Keywords. Biot theory, attenuation, viscosity, saturation, porosity.

Resumen
Este artículo reporta resultados de la propagación de ondas P en medios porosos, simulada solucionando en diferencias finitas las ecuaciones generalizadas de Biot. En modelos saturados se observó que cuando avanza la onda, la amplitud máxima del espectro se desplaza hacia frecuencias menores, y que esta amplitud máxima y su frecuencia están directamente relacionadas. Además, que el factor de calidad disminuye con la porosidad y la saturación. Por ende, la atenuación aumenta con la porosidad, la saturación y la frecuencia pero tiende asintóticamente a un valor constante. Se observó que la fase de la onda cambia linealmente con la frecuencia a una rata de cambio que aumenta linealmente con el tiempo de viaje. Esta rata aumenta con la saturación pero disminuye ligeramente con la porosidad. Este trabajo ignora la divergencia esférica y la retro dispersión, concentrándose en la atenuación intrínseca causada por la fricción, en particular entre líquido y partículas sólidas.
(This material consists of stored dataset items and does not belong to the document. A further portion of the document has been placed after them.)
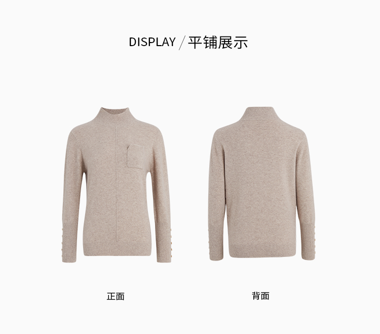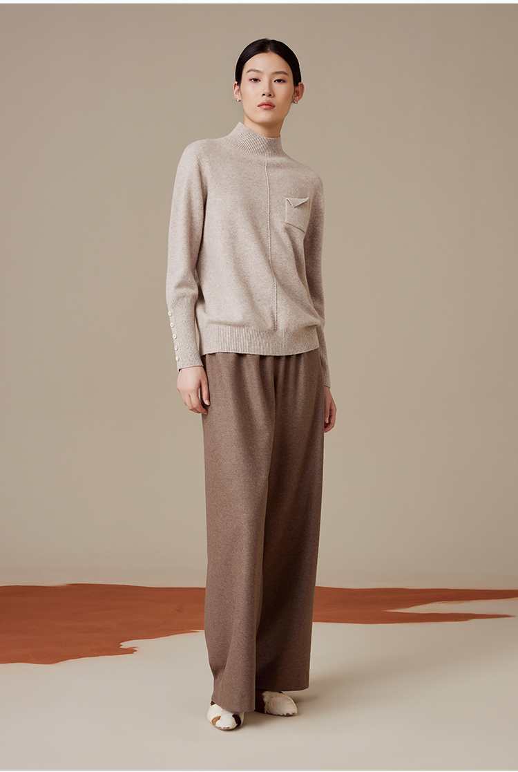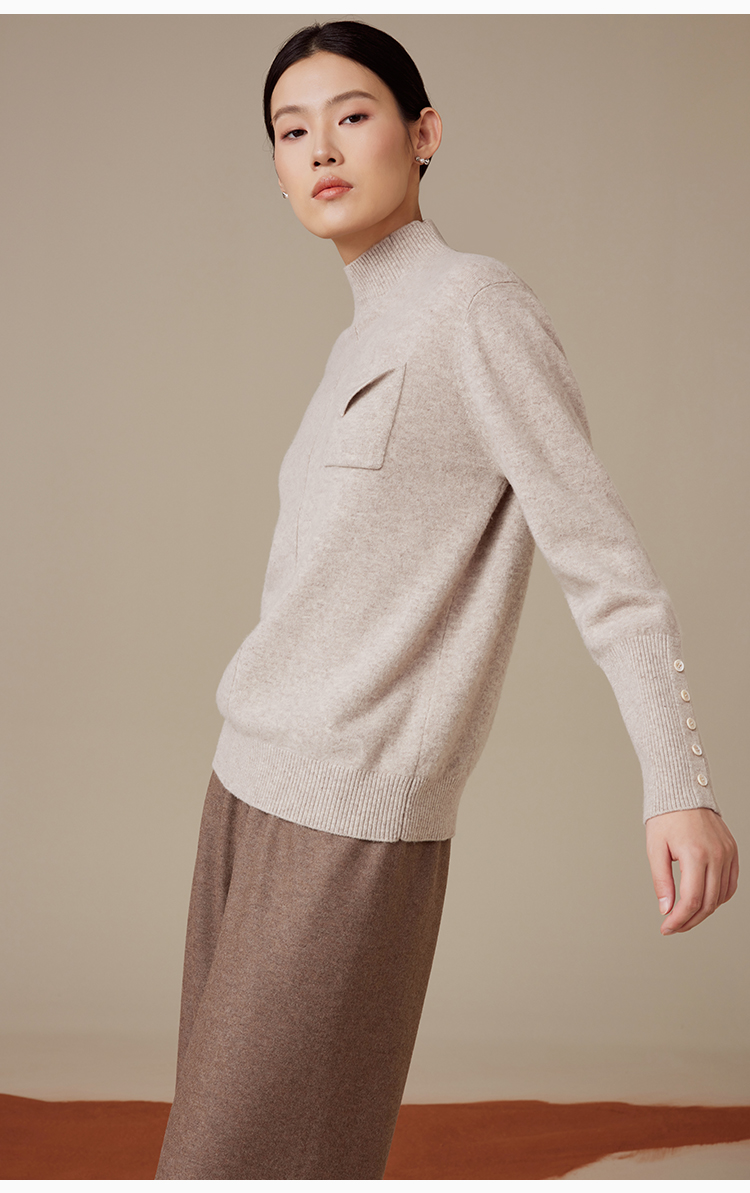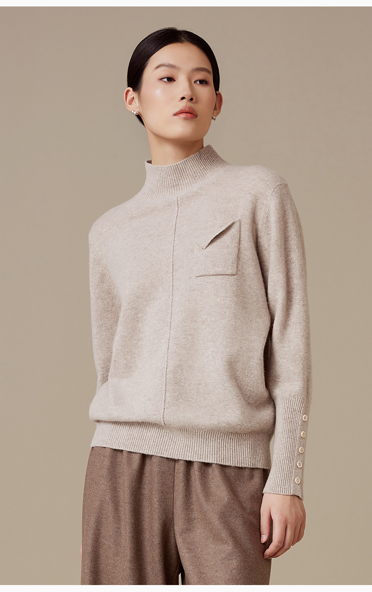 pure touch绵羊毛+山羊绒半高领设计感针织衫1302244423
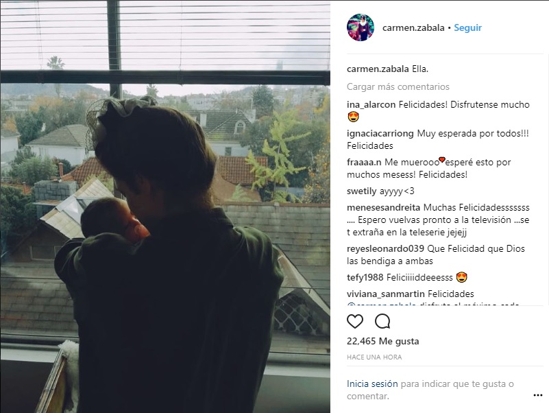 En la tarde de este miércoles, Carmen Zabala sorprendió a sus seguidores al publicar en Instagram la primera foto con su bebé entre sus brazos.
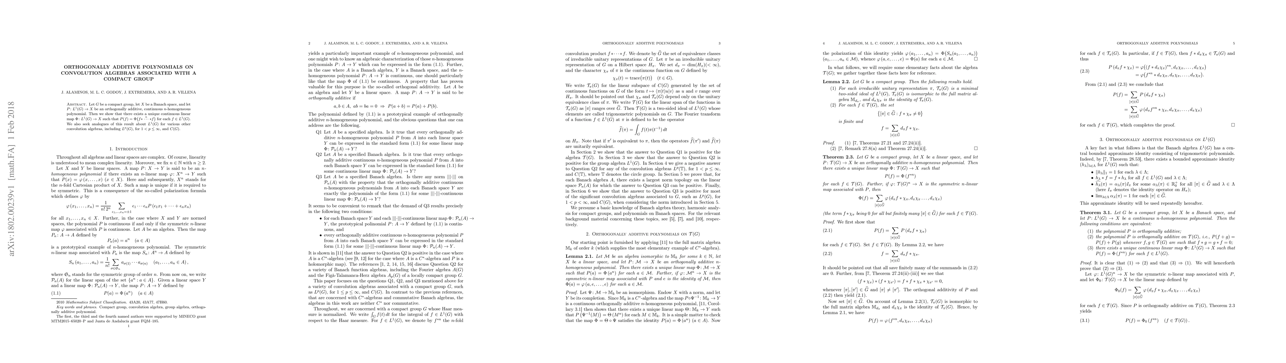 Let $G$ be a compact group, let $X$ be a Banach space, and let $P\colon L^1(G)\to X$ be an orthogonally additive, continuous $n$-homogeneous polynomial. Then we show that there exists a unique continuous linear map $\Phi\colon L^1(G)\to X$ such that $P(f)=\Phi \bigl(f\ast\stackrel{n}{\cdots}\ast f \bigr)$ for each $f\in L^1(G)$. We also seek analogues of this result about $L^1(G)$ for various other convolution algebras, including $L^p(G)$, for $1< p\le\infty$, and $C(G)$.
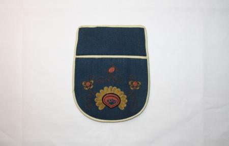 Kjolsäck blå med beigefärgade kanter och broderier i kedjesöm, enkel ficka. Från Liljendal.
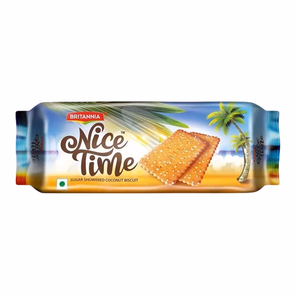 Artificial Flavouring Substances (Coconut, Vanilla), Coconut Products (4.5%), Edible Maize Starch, Emulsifiers (322(i), 471, 472e), Iodised Salt, Invert Sugar Syrup, Milk Solids, Raising Agents (503(ii), 500(ii), 450(i)), Refined Palm Oil, Refined Wheat Flour (Maida), and Sugar
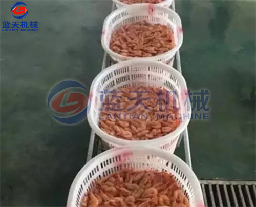 2、根據(jù)不同的海蝦河蝦品種,將烘干機(jī)的智能控制系統(tǒng)的溫度設(shè)置在50℃~70℃的中高溫為宜,時(shí)間約4小時(shí)左右,以水份為18%即可。烘干過程中一般要求稍大的循環(huán)風(fēng)量,風(fēng)速也比較高,避免水汽停留在蝦干表面,控制要點(diǎn)為抑制細(xì)菌生長、要保持海蝦、蝦仁烘干后的色澤。
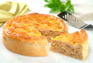 - ReceiteriaTransfira a massa para a forma. Coloque as nozes por cima, dando uma leve apertadinha para elas afundarem um pouco. Leve ao forno preaquecido a 180 ºC por 30 minutos, ou até formar uma casquinha;
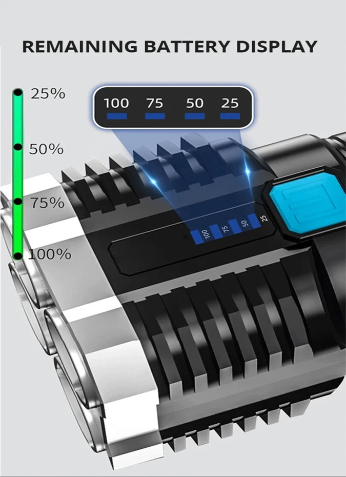 Monitoramento de Bateria em Tempo Real: Um LED indicador exibe a porcentagem da bateria restante, garantindo que você nunca fique no escuro inesperadamente.
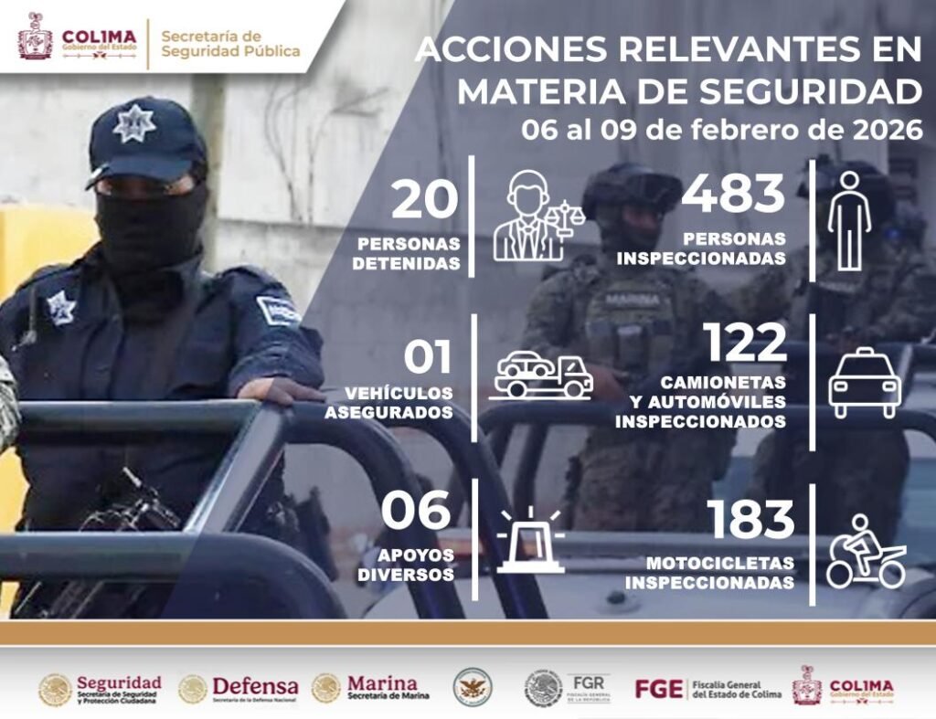 Derivado de la estrecha coordinación entre instituciones del Gobierno de México y del Gobierno del Estado de Colima, durante el fin de semana fueron detenidas veinte personas en diversos hechos, por su probable participación en delitos contra la salud, robo calificado, violencia familiar y faltas administrativas, como parte de la Operación Coliman que llevan a cabo la Secretaría de Seguridad Pública (SSP), Policía Estatal Preventiva (PEP) y Secretaría de Marina, para reducir la incidencia delictiva y fortalecer la seguridad en los diez municipios de la entidad.
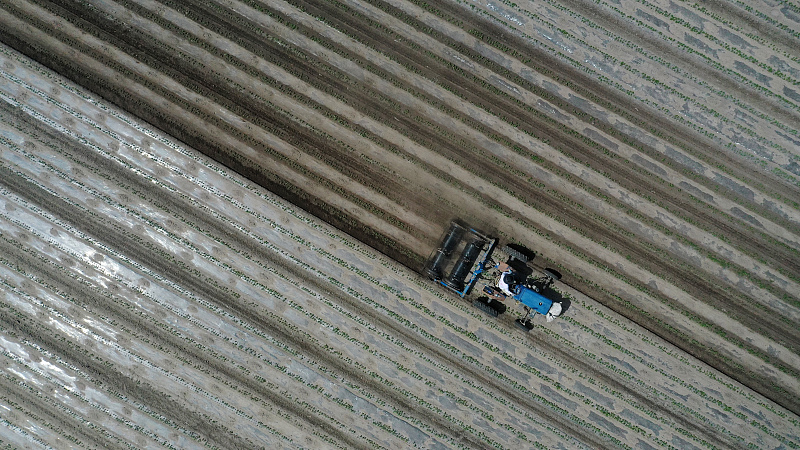 A cotton farmer carries out soil sealing operations in a cotton field in northwest China's Xinjiang Uygur Autonomous Region, May 11, 2022. /CFP

Palabras clave. Teoría de Biot; atenuación; viscosidad; saturación; porosidad.

1. Introduction

Attenuation is the exponential decay of traveling wave amplitude and dispersion is the change of velocity with frequency. These can be used to enhance seismic resolution and as direct hydrocarbon indicators. The intrinsic attenuation is quantified by the inverse of the quality factor Q^-1 as the fraction of wave energy transformed to heat in each period, whereas the attenuation scattering Q_scat^-1 is due to energy scattered in all directions. The sum of both is known as total attenuation. In mild stratified sediments, the scattering losses are considered negligible depending on frequency range, varying the relation Q^-1/Q_scat^-1 from 19 in sonic logs to 4 in VSP (Vertical Seismic Profile) [1]. In sedimentary environments, Q^-1 values ranging from 10^-2 to 10^-1 across the seismic band (1-150 Hz) have been reported [1].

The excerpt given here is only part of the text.